The fact that I'd undergone a radical consciousness shift began to become apparent only after everyone in the hospital had settled down for the night and I was left awake, feeling as if I'd had enough sleep to last a lifetime. By stages I became aware that when I'd awakened a few hours earlier, it hadn't been from a state of ordinary unconsciousness at all. It was as if I'd emerged freshly made from a vast blackness that was somehow radiant, a kind of infinitely concentrated aliveness that had no separation within it.

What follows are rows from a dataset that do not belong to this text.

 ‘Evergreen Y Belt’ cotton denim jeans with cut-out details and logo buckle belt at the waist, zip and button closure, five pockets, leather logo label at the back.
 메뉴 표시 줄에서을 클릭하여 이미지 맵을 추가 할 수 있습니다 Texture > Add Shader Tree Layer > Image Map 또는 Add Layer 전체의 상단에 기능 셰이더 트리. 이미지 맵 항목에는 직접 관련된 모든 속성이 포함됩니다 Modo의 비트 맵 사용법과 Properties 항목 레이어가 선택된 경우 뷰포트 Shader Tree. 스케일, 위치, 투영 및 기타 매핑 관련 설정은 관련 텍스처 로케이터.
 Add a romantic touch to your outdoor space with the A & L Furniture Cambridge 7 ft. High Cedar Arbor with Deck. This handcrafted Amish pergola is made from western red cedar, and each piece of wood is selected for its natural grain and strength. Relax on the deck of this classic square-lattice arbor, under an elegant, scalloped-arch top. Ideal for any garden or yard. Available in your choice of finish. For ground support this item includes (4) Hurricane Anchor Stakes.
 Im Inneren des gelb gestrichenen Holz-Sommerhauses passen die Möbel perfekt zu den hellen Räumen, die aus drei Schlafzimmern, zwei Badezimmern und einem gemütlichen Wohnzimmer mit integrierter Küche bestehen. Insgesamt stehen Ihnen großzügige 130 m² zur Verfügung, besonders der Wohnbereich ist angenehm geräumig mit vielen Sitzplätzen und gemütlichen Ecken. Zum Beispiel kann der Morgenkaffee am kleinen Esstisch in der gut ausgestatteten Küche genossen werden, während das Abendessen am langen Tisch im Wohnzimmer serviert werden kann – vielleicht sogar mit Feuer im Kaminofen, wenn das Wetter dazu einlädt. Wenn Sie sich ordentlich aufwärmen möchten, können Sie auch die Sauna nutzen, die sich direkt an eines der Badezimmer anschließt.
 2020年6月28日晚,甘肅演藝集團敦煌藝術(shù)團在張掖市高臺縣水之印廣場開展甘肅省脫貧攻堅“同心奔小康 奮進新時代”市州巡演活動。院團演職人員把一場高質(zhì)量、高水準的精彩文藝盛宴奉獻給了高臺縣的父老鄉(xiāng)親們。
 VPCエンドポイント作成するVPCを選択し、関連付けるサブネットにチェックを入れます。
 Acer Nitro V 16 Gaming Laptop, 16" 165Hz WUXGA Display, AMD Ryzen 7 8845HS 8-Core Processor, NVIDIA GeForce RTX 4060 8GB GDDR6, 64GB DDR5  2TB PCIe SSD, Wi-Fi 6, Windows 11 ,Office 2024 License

That's no mere metaphor for a vague sensation; it was so palpably real that I put my hand up to probe the back of my skull, half wondering if the doctors had sawn part of it away to open my head to infinity. Yet it wasn't in the least a feeling of being damaged; it was more like having had a cataract taken off my brain, letting me experience the world and myself properly for the first time, for that lovely dark radiance seemed to reveal the essence of everything.
Later, when the eternity consciousness continued into the following days, weeks, months, and years, my bewilderment was intensified as I discovered how all kinds of negative human experiences became marvels of creation when experienced by the Dazzling Dark. However, perhaps the most extraordinary feature of eternity consciousness is that it doesn't feel extraordinary at all. It feels quintessentially natural: the realization that I never really left home and never could.